Given material:
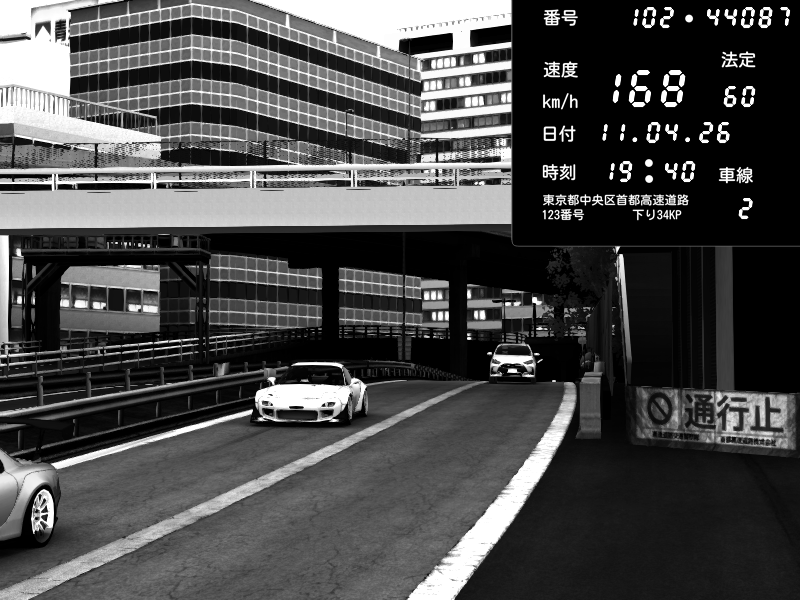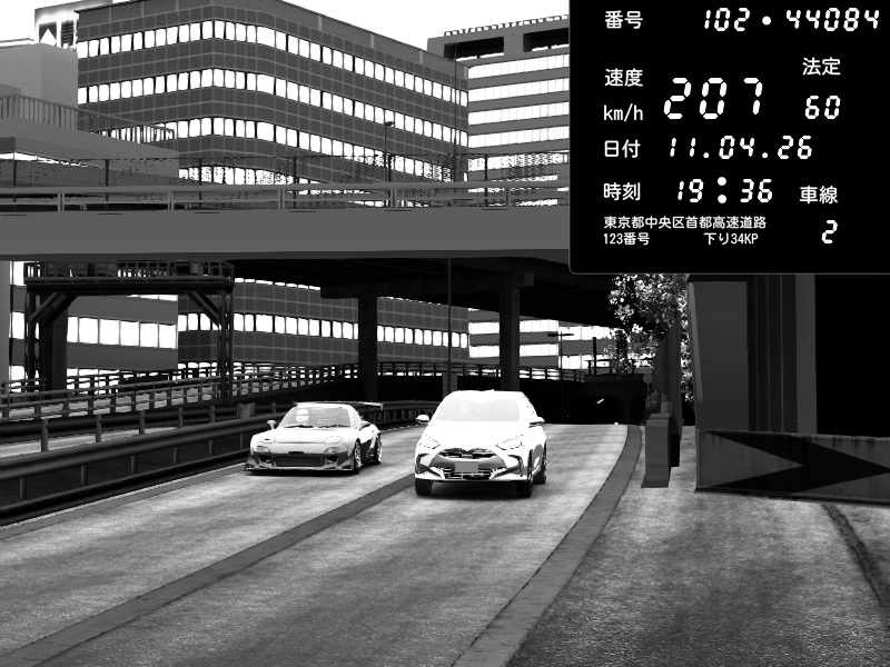 | 2026/04/11 19:38 | C1外回り 新富町 | 183 / 60 km/h | Pixy | Pit Road M - Mitsubishi GTO Twin Turbo | CAPTURE |
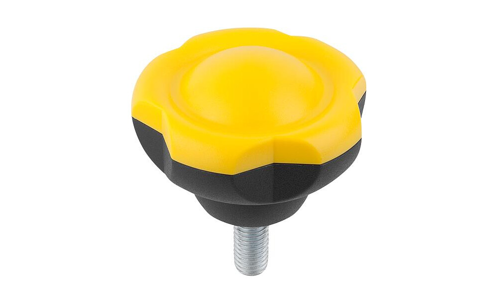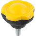 FÜNFSTERNGRIFF D1=63 D=M12X20 H=44, FORM:L, THERMOPLAST SCHWARZGRAU RAL7021, KOMP:STAHL, DECKEL:GELB RAL1021
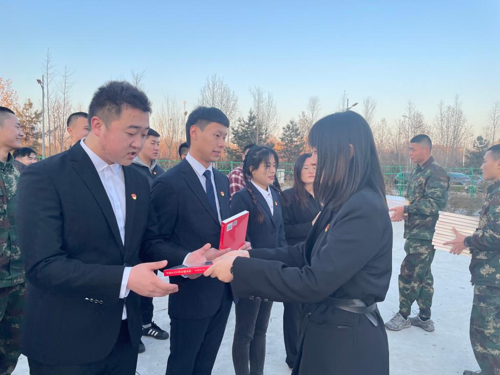 随后,支部的党员教师为新入党同学佩戴党徽,并赠予每人两本党史书籍。希望他们在理论学习中,牢记党员职责使命,不忘初心,永葆共产党人的政治本色。新发展的预备党员纷纷表示,要结合学习工作实际,自觉带头更加严格要求自己,做到全心全意为人民服务。
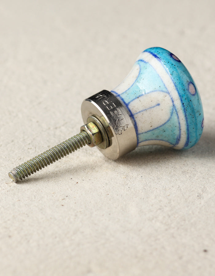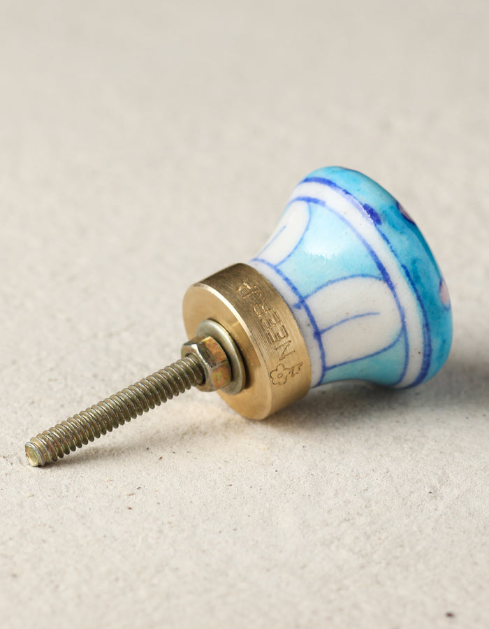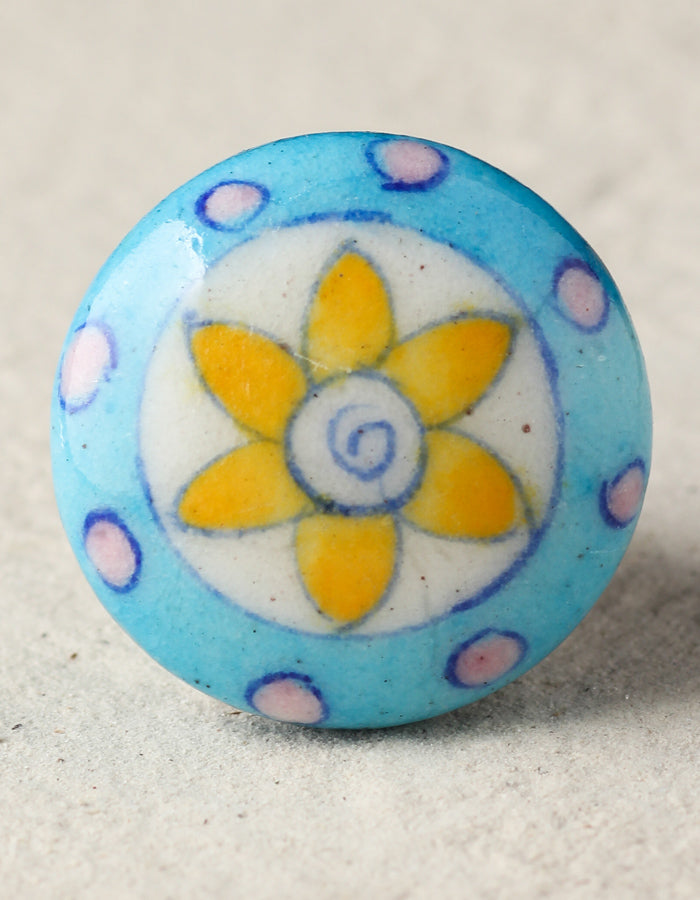 Vintage Turquoise Ceramic Blue Pottery Door Knob With Yellow Flower

The problem:
Word for word, please, restate the lines of the listing from the one holding "FÜNFSTERNGRIFF D1=63 D=M12X20" down to the last line, leaving out any pictures.

Solved exercise:
 FÜNFSTERNGRIFF D1=63 D=M12X20 H=44, FORM:L, THERMOPLAST SCHWARZGRAU RAL7021, KOMP:STAHL, DECKEL:GELB RAL1021
 随后,支部的党员教师为新入党同学佩戴党徽,并赠予每人两本党史书籍。希望他们在理论学习中,牢记党员职责使命,不忘初心,永葆共产党人的政治本色。新发展的预备党员纷纷表示,要结合学习工作实际,自觉带头更加严格要求自己,做到全心全意为人民服务。
 Vintage Turquoise Ceramic Blue Pottery Door Knob With Yellow Flower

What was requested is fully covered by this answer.